# [Task]
Everything below from the line with "E pesante medievale-camicia/pirati, camicia" through the line with "הברכה מוגשת כתמונה" should be copied exactly, and nothing else; leave out the pictures.

# [Data]
···
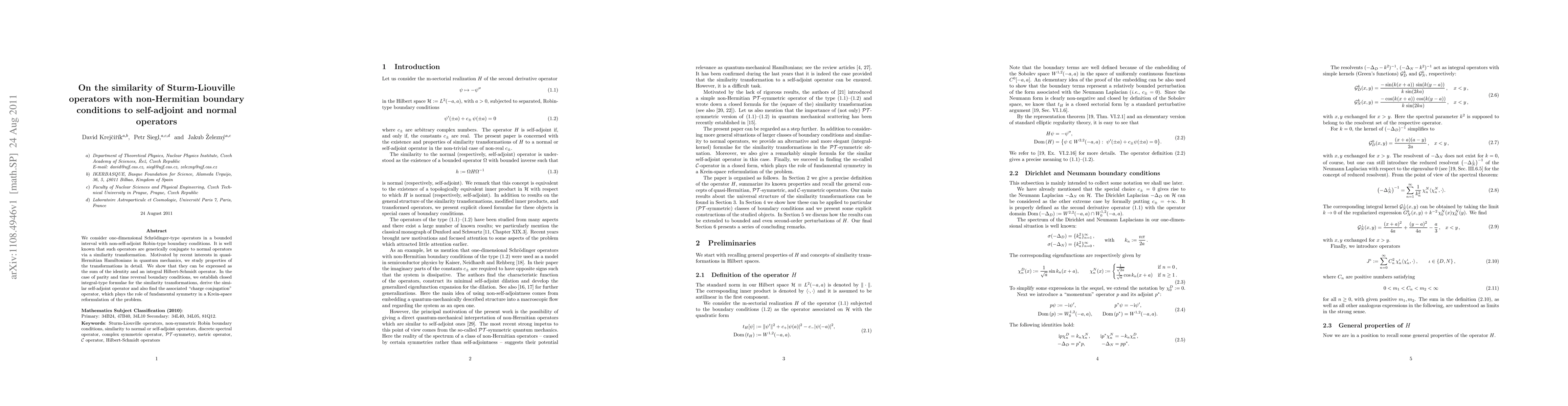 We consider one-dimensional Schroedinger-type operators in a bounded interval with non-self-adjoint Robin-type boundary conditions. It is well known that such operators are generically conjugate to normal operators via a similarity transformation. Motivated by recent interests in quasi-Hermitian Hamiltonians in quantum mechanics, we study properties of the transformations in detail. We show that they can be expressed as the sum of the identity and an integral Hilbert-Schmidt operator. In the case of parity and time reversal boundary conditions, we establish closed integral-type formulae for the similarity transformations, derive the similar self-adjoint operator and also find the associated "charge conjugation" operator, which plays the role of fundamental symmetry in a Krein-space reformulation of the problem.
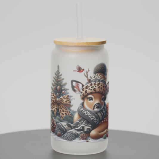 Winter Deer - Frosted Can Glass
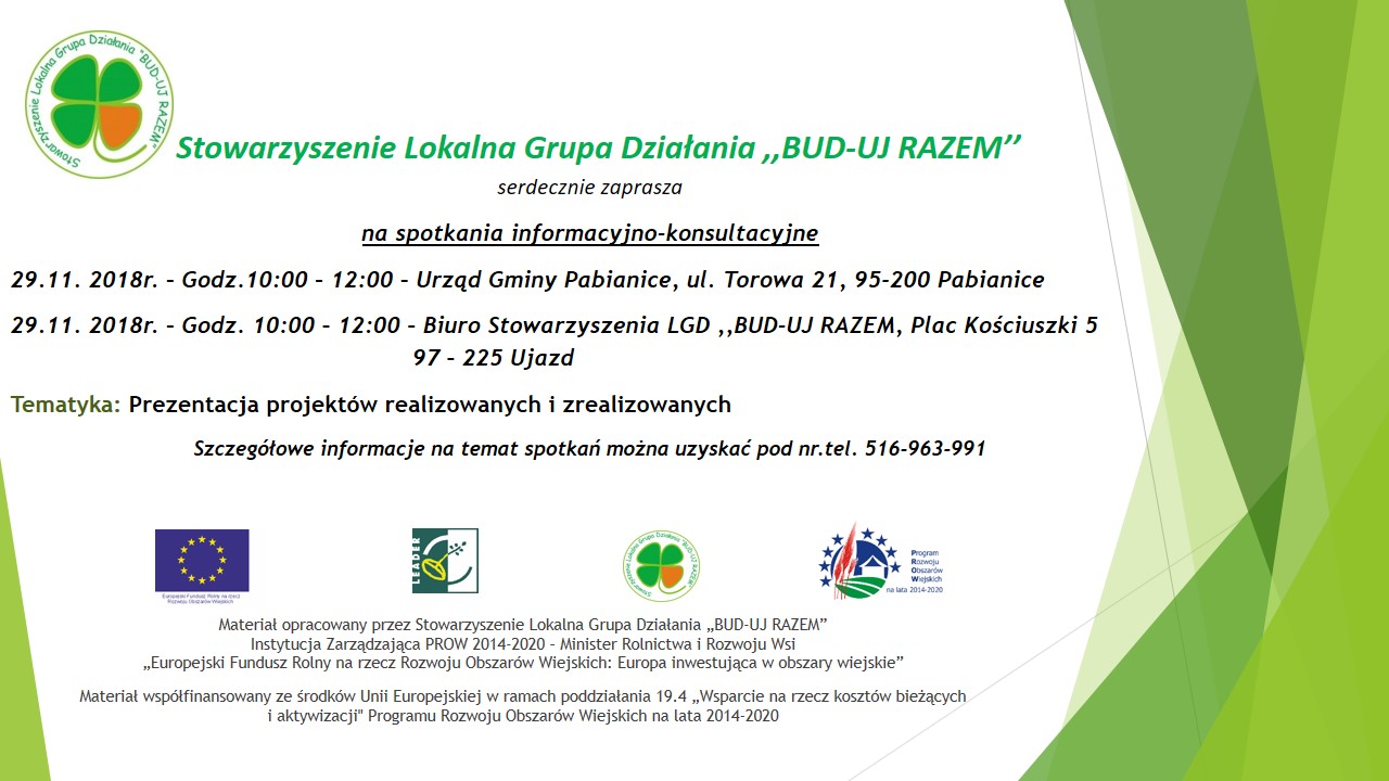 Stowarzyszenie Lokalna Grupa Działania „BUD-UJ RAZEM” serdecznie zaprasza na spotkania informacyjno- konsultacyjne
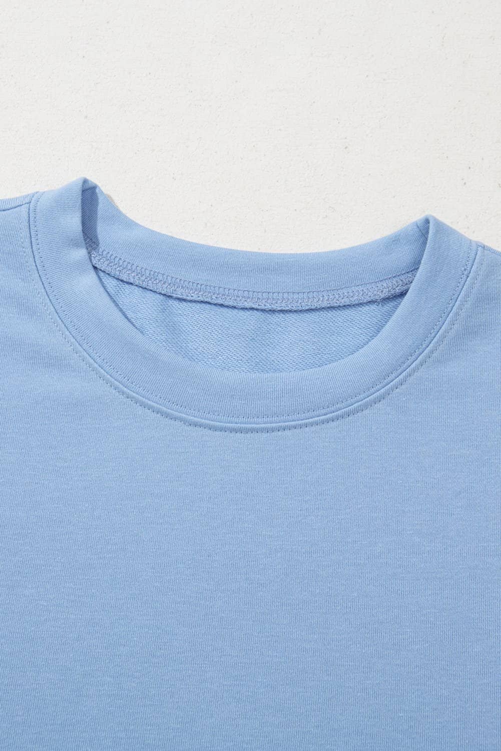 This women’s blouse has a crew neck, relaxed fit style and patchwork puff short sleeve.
···
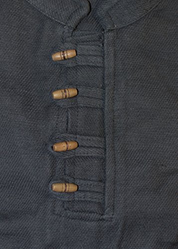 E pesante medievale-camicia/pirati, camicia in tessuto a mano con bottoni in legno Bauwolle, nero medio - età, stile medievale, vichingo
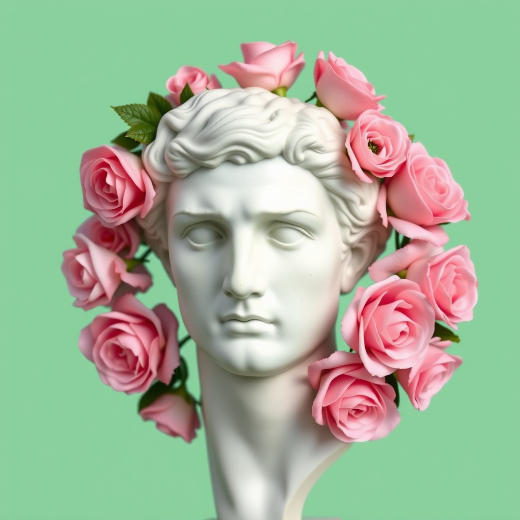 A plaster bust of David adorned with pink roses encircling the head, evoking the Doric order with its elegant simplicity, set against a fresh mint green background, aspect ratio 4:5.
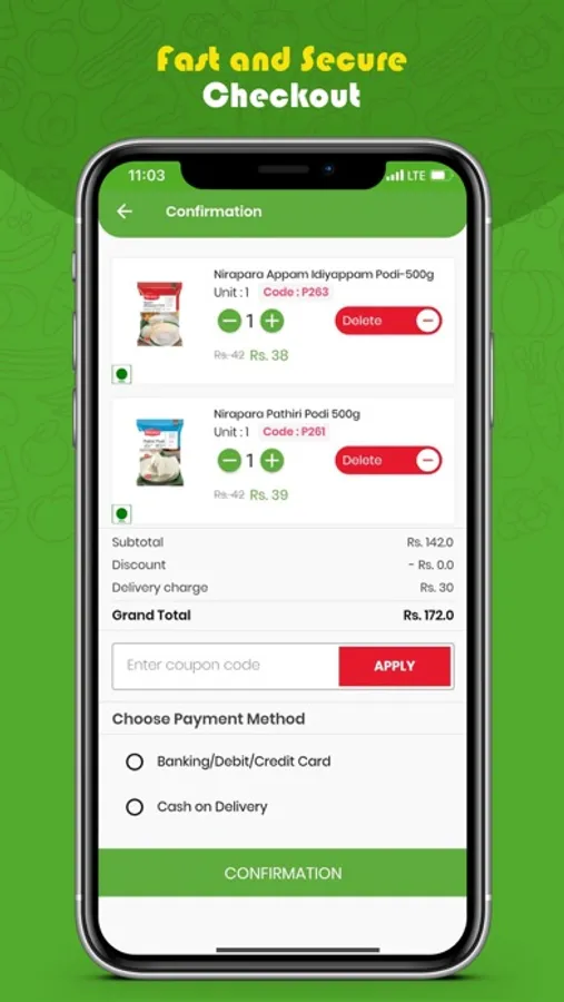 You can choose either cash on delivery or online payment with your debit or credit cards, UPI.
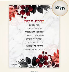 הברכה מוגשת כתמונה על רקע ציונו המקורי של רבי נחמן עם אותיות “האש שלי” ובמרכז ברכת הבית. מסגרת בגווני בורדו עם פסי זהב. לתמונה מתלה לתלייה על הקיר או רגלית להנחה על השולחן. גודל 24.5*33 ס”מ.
···
# [Result of the task]
 E pesante medievale-camicia/pirati, camicia in tessuto a mano con bottoni in legno Bauwolle, nero medio - età, stile medievale, vichingo
 A plaster bust of David adorned with pink roses encircling the head, evoking the Doric order with its elegant simplicity, set against a fresh mint green background, aspect ratio 4:5.
 You can choose either cash on delivery or online payment with your debit or credit cards, UPI.
 הברכה מוגשת כתמונה על רקע ציונו המקורי של רבי נחמן עם אותיות “האש שלי” ובמרכז ברכת הבית. מסגרת בגווני בורדו עם פסי זהב. לתמונה מתלה לתלייה על הקיר או רגלית להנחה על השולחן. גודל 24.5*33 ס”מ.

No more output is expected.